В буднях жизни мы не сможем постоять за друга, спасуем перед наглецом, пристающим к любимой женщине или девушке, смалодушничаем и промолчим при встрече с клеветой на близкого нам человека, засуетимся и останемся в стороне, когда начнут нечестную кампанию против нашего товарища по работе.

В семье у нас будут обязанности, которые раздражают, будут дела, которые отнимают, как бы, наше «драгоценное» время, рождают досаду, острое желание свалить их на плечи другого и внутреннюю претензию к другому — почему он не сделает этого сам?

— Принимаю огонь на себя!

Только в состоянии подвига может родиться такая фраза. И в буднях чувство долга объявляет то же: «Принимаю дела на себя!» Может быть, поэтому следование подобному девизу в повседневной жизни люди тоже называют подвигом. Основание у них одно.

В наше время вряд ли найдется человек, который не решал бы для себя вопрос — как поступать, если возникнет необходимость в защите Отечества. Идти или не идти на фронт? В первых рядах или когда призовут? Сколько тревожных и суетных минут переживает самоутверждение, пока решает эти проблемы.

Раствориться среди десятков, сотен смертей, исчезнуть, не оставив следа потомкам, стать маленькой силой, которая поможет захватить или удержать безымянную высоту и только… С этим утверждающее себя сознание примириться не может. Столько лет оно готовилось к тому, чтобы состояться в мире, чтобы выйти вровень с десятками знаменитых людей. С началом войны всё это оборачивается немедленным крахом.

Сознание сопротивляется войне не потому, что видит за этим гибель тысяч людей, а потому, что рушатся собственные планы, надежды и ожидания. Что будет с людьми, которых нужно защитить? Этот вопрос просто не рождается. Это уже область совести, а самоутверждение боится ее касаться.

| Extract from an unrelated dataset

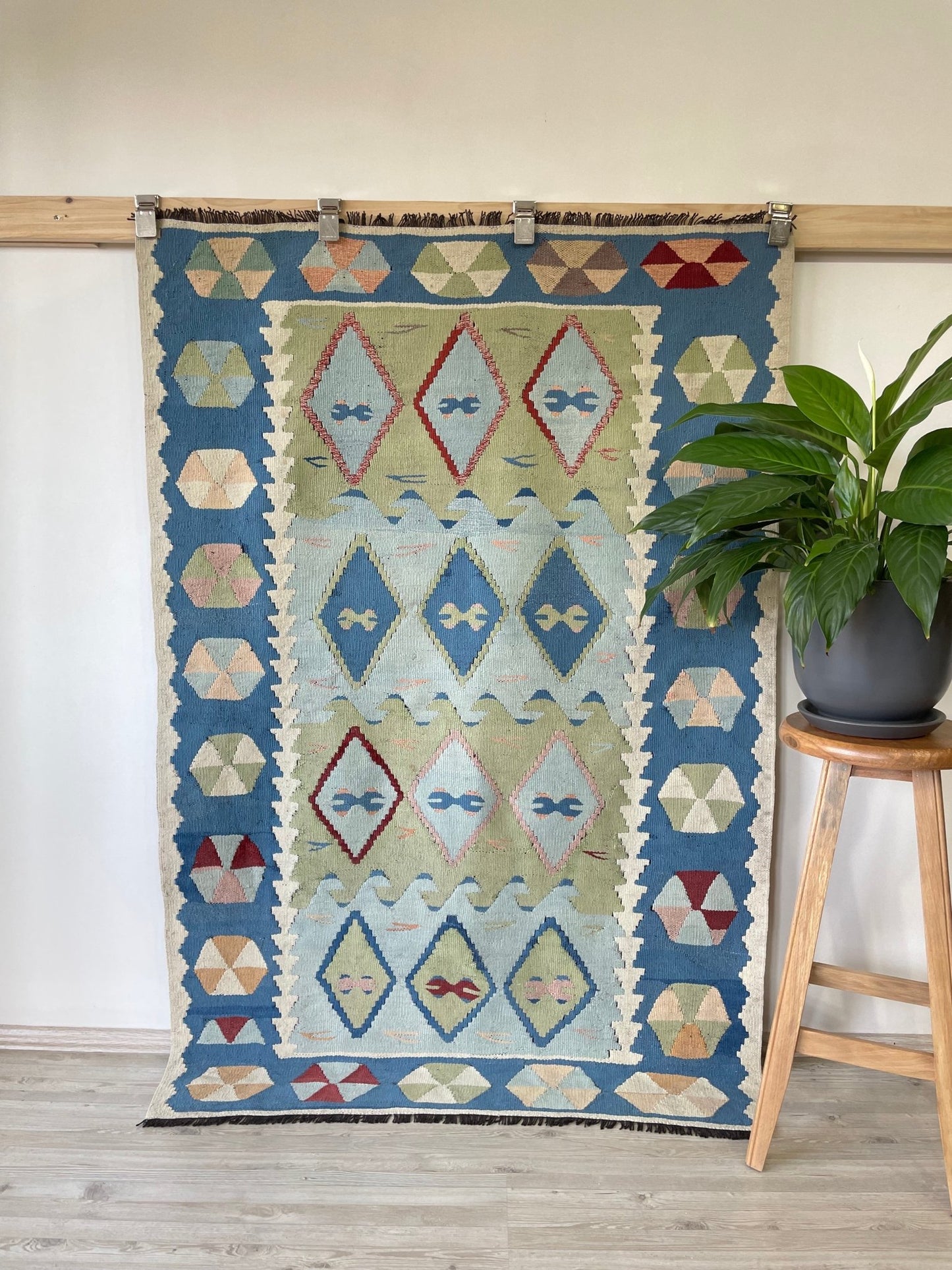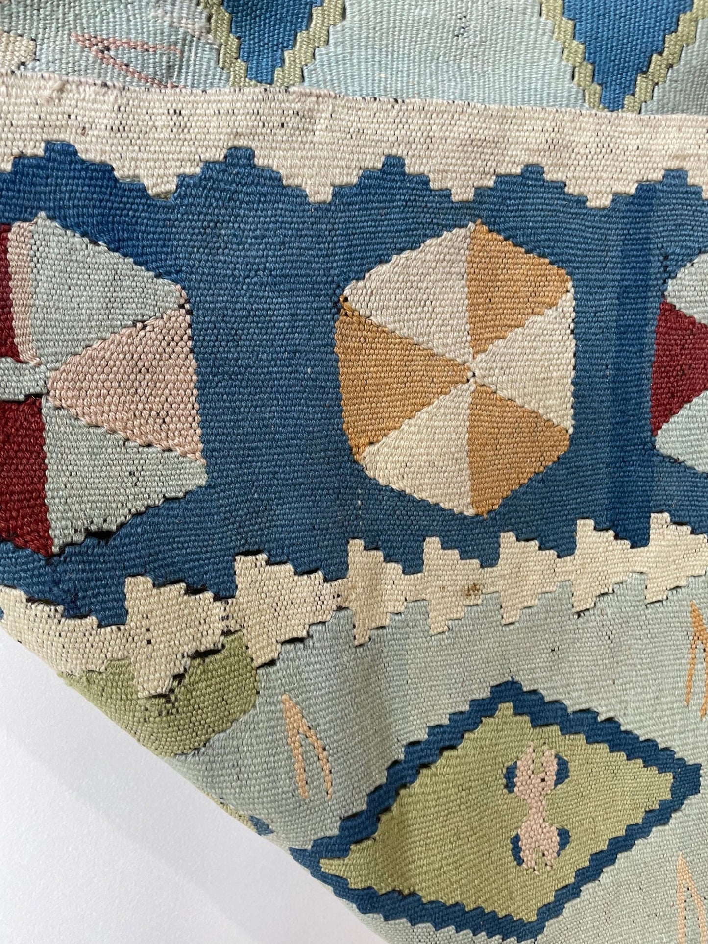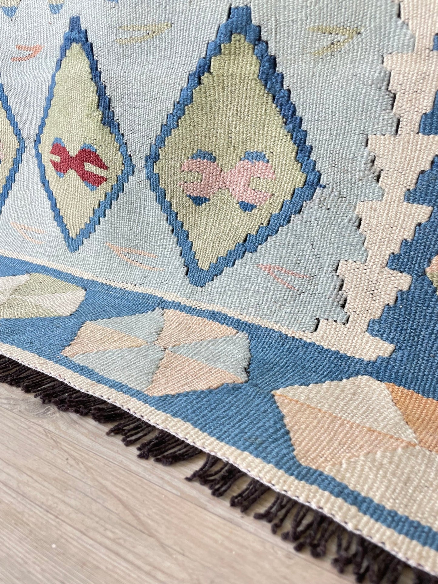 ✔ Handmade almost EIGHT DECADES AGO, this is a perfect example of Kayseri Kilims. This very example is especially unique for its blue and mild green color.

И только пробужденное чувство долга над таким вопросом не размышляет. В этом нет необходимости. Движением сердца человек охватывает сразу все бедствия, которые несет за собой война. Гибель людей и среди них гибель близких — это очень сильный аргумент, который рождает решение. Боль за других бросает человека в действие, снимающее причины этой боли. Так всегда — и на войне, и в мирное время. Боль за других, стоять за других, принять заботы других и о других на себя — это и есть существо чувства долга. «Чтобы душу свою положить за други своя» — так благословил Господь.

Врач оставляет дома гостей и идет по вызову к больному, учитель идет к детям, не обращая внимания на высокую температуру. Шофер останавливает машину, чтобы подвезти старого человека или мать с ребенком. Слесарь задерживается на работе, чтобы ликвидировать аварию.

Безкорыстие и самоотдача. Когда в человеке есть эти два свойства, ему не нужно говорить о качестве работы — будет сделано по высшему потолку возможностей, не нужно просить, объяснять — пойдет по первому зову, не нужно предлагать наград — не это им движет.

Преданность людям — основа долга. Она пронизывает все поступки человека, наполняет любовью, нежностью, добротой все его действия, через конкретный труд она устремляет его к тем людям, для которых и ради которых он трудится, каждое движение оно наполняет смыслом, рождающим качество. Труд становится состоянием души, состоянием светлым и чистым, состоянием, которое одним своим присутствием приносит удовлетворение от любой выполняемой работы для людей. А усталость… Она снимается той радостью, которую испытывают люди, получая результаты этого труда.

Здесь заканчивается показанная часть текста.